Get ready for a startup throwdown of global proportions (literally). We’re the proud hosts of the Extreme Tech Challenge (XTC) Global Finals, and the pitch competition action starts tomorrow, July 22 at 9:00 am (PT).

Pro housekeeping tip: Attending this virtual pitch fest is 100% free, but you need to register here first.

Not familiar with XTC? It’s the world’s largest pitch competition focused on solving humanity’s most vexing challenges. You gotta love a competition that serves the greater good — and a startup ecosystem for purpose-driven companies determined to build a more sustainable, equitable, healthy, inclusive and prosperous world.

The road to the XTC finals was crowded, to say the least. More than 3,700 startups from 92 countries applied to compete in one of these categories: Agtech, Food & Water, Cleantech & Energy, Edtech, Enabling Tech, Fintech, Healthtech and Mobility & Smart Cities.

Talk about a daunting endeavor. Team XTC, which consisted of deeply experienced investors, entrepreneurs and executives, winnowed down that field to these seven competing finalists: Wasteless, Mining and Process Solutions, Testmaster, Dot Inc., Hillridge Technology, Genetika+ and Fotokite.

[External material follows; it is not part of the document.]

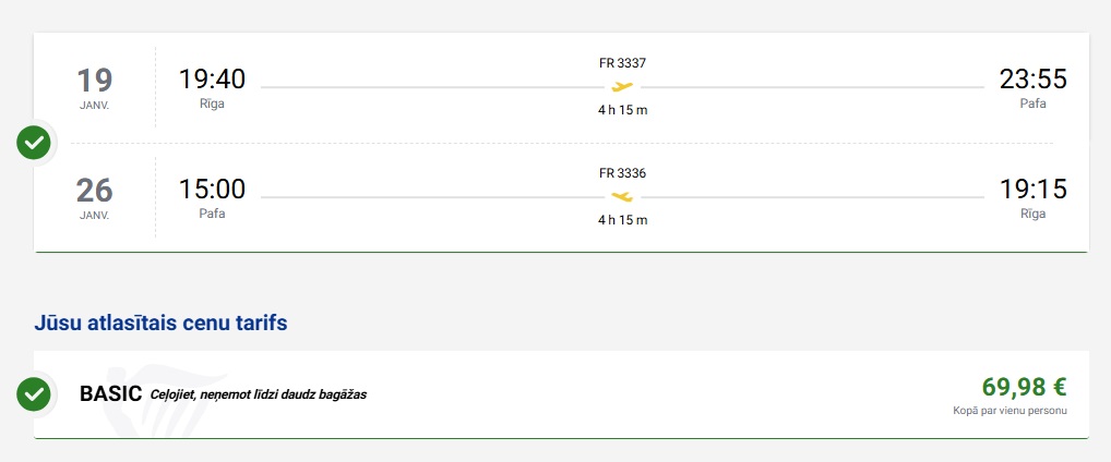 Tiešie Ryanair lidojumi no Rīgas uz Pafu (cenā nav iekļauta bagāža).

Tomorrow’s competition takes place in two rounds, and each startup team will have to bring its best if they hope to impress this panel of judges — all leaders in sustainability and social impact.

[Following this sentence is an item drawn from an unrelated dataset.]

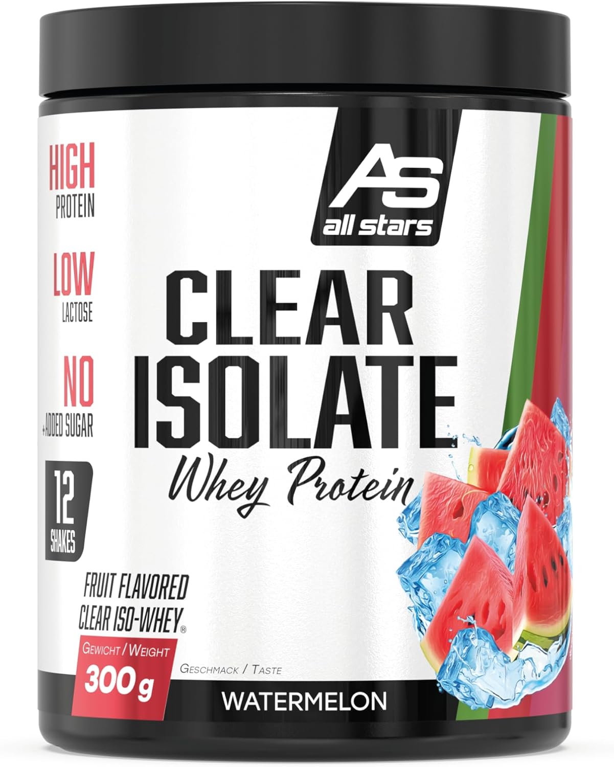 Auch das CLEAR ISOLATE WHEY PROTEIN von All Stars wird, wie das ‚normale‘ Whey Protein, aus Molkenprotein hergestellt. Dabei durchläuft es Herstellungsprozesse, die es zu einem sehr reinen und hochwertigen Eiweiß machen, reich an Protein (meist über 90%) und mit einem umfangreichem Aminosäureprofil. Sein Fett- und Kohlenhydratanteil ist sehr gering, was Isolat Pulver zu einem perfekten Begleiter für jede Diät und Definition macht. Insbesondere als CLEAR ISOLATE WHEY PROTEIN, dass durch seinen fruchtig frischen Geschmack zur Mischung mit Wasser einlädt. Wie jedes Protein unterstützt Whey Protein Isolat das Wachstum und den Erhalt von Muskelmasse, wird vom Körper schnell aufgenommen und steht den Muskeln daher schnell zur Verwendung zur Verfügung .

Young Sohn, co-founder, XTC and chairman at Harmann International; Bill Tai, co-founder, XTC and partner emeritus, Charles River Ventures; Regina Dugan, president and CEO of Wellcome Leap; Jerry Yang, founder/partner of AME Cloud Ventures and co-founder of Yahoo!; Lars Reger, CTO and EVP at NXP Semiconductors; and Michael Zeisser, managing partner at FMZ Ventures.

In a classic, “but wait, there’s more” moment, the day also features several presentations from some of the leading voices in sustainability. Take a look at the two examples below, and check out the complete XTC finals agenda and the roster of speakers:

  • The Keynote Address: Tune in as Beth Bechdol, the deputy director-general at the Food and Agriculture Organization (FAO) of the United Nations, provides an update on the latest from her agency.
  • Waste Matters: According to the EPA, the U.S. alone produces 292.4 million tons of waste a year. Can technology help this massive — and growing — issue? Leon Farrant (Green Li-Ion), Matanya Horowitz (AMP Robotics) and Elizabeth Gilligan (Material Evolution) will discuss their companies’ unique approaches to dealing with the problem.

The Extreme Tech Challenge Global Finals starts tomorrow, July 22. Join us and thousands of people around the world for this free, virtual pitch competition. Register here for your free ticket.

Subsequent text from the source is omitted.